It has taken 15 years of development, but the 3,307 lb passenger carrying drone has taken its maiden flight over terrain in November 2016.

There were a few minor issues with conflicting data coming from the internal sensors, but on the whole, the flight was a success.

CEO, Rafi Yoeli is adamant that ‘The Cormorant’ will bring about a step change in many areas; “Just imagine a dirty bomb in a city, and chemical substance of something else, and this vehicle can come in robotically, remotely piloted, come into a street and decontaminate the area”.

The only resemblance to a car is the rough size and weight, aside from that, it’s very different. The company has filed 39 patents so far and the propulsion system is all-new; it uses internal rotors rather than a helicopter style blade, this means that it should be safer and easier to get into places where a normal helicopter couldn’t, due to the risk of damaging the blades.

Yoeli says that it will lift around 500 kg (approx. 1,100 lbs) and can travel at up to 115 MPH. It hasn’t yet reached the standard for the Federal Aviation Administration certification, but Yoeli is confident that isn’t an issue.

Urban Aeronautics expect to see the Cormorant (once called the ‘Air Mule’) in full production and ready for sale in 2020, certainly not before that.
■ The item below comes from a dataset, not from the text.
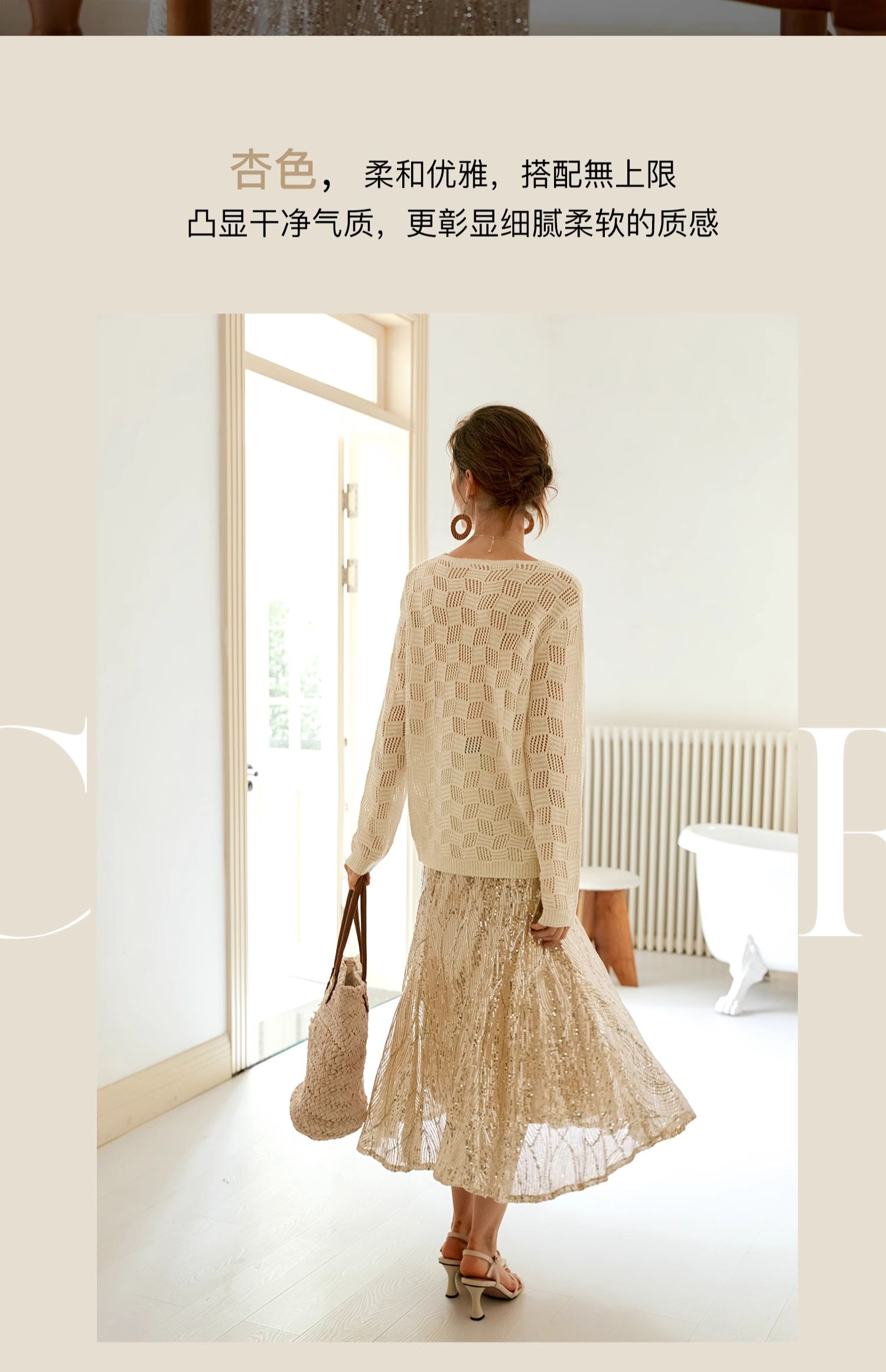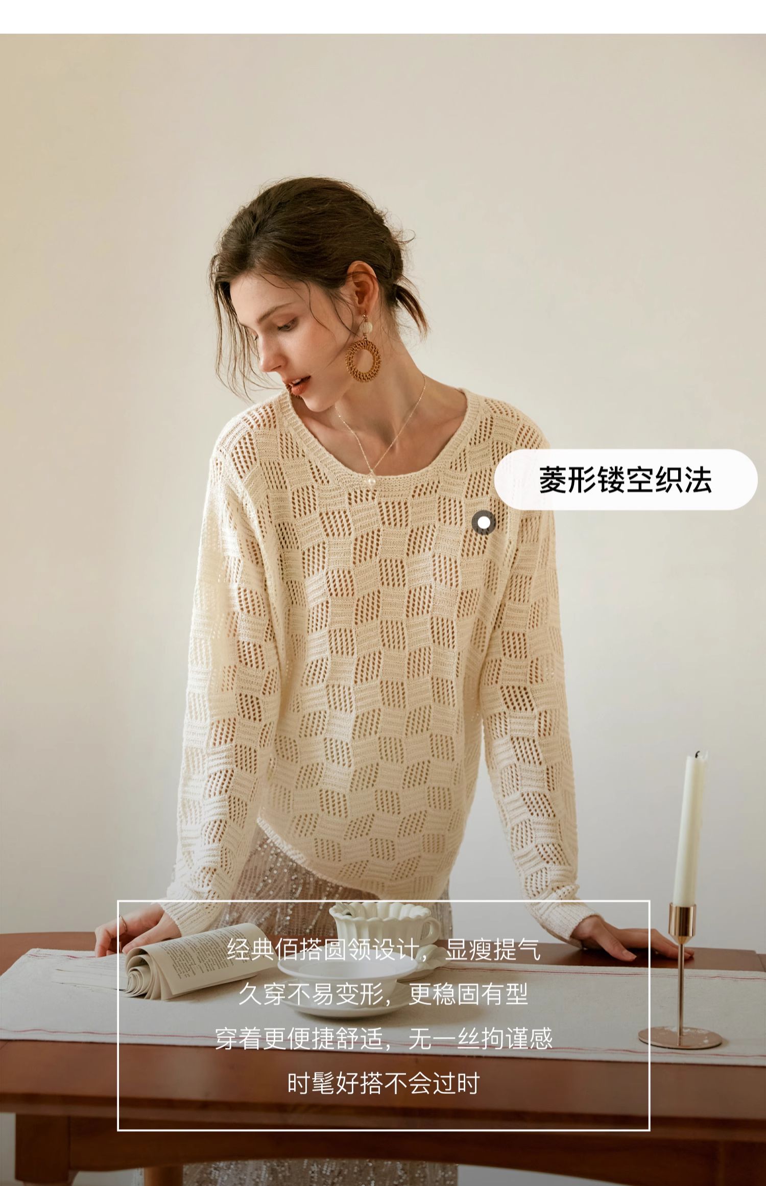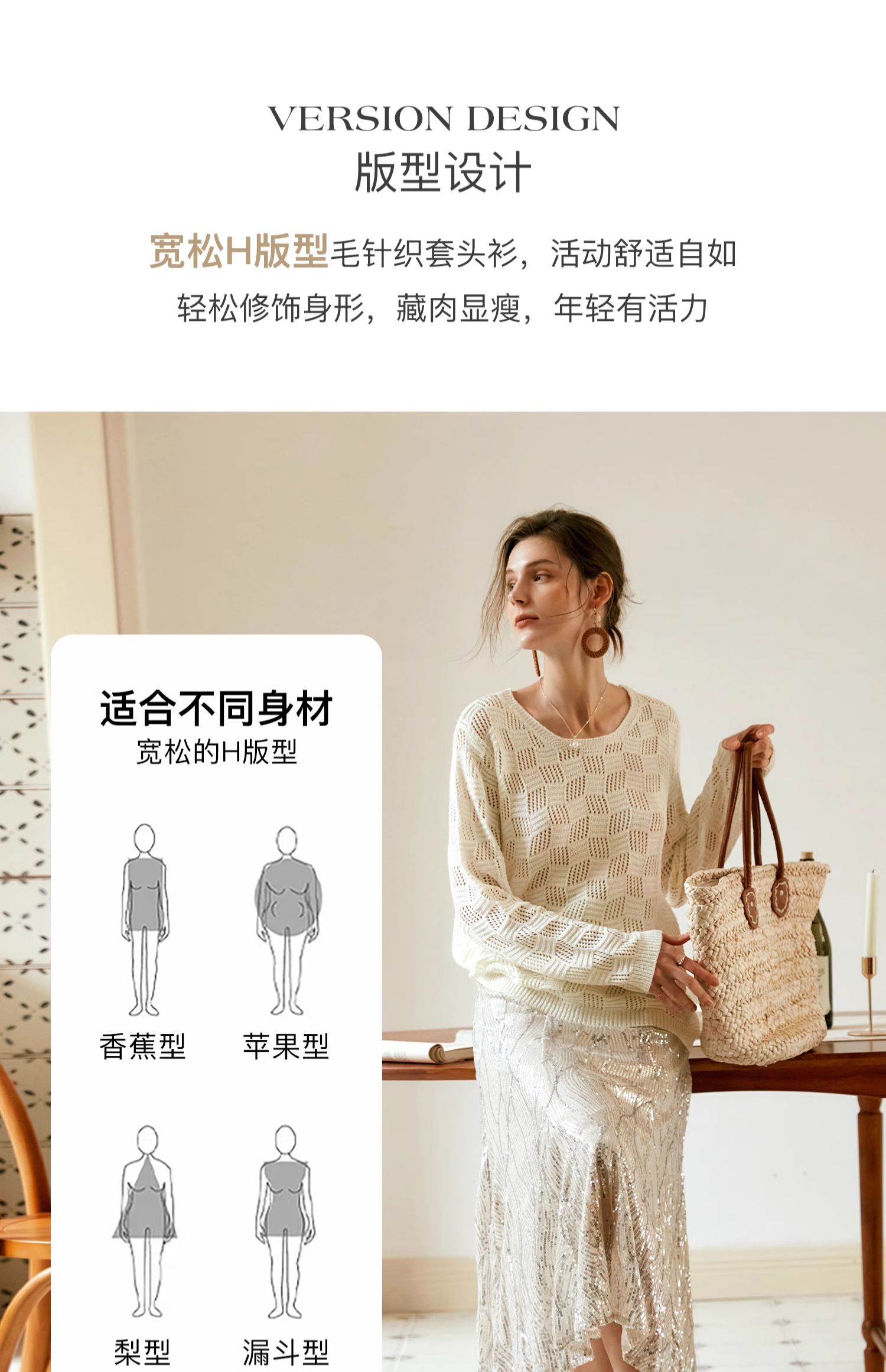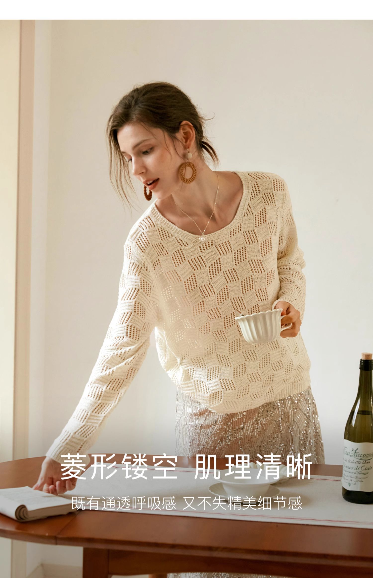 OLrain欧芮儿法式慵懒针织衫女早秋2024新款宽松镂空薄款套头上衣

With 15 years of development and costs to recoup, its surely not going to be cheap; no official pricing structure exists as of yet for the drone, but Yoeli reckons that the total cost of the project so far is in the region of $14,000,000 – that’s some figure to recoup.

The uses (once proven) could be many; Yoeli already sees the drone being used in such scenarios as decontamination, but passenger transport, military transport, even transporting goods are all real possibilities on the cards.

Of course, Yoeli plays down the military aspect as you’d expect, but the possibility is very real.

As the drone flies more test miles, they’re going to iron out the bugs in the system, for their first flight, there were remarkably few issues, Urban Aeronautics are confident that they really were just minor sensor problems.

What do you think of The Cormorant? Is it something you’d fly in?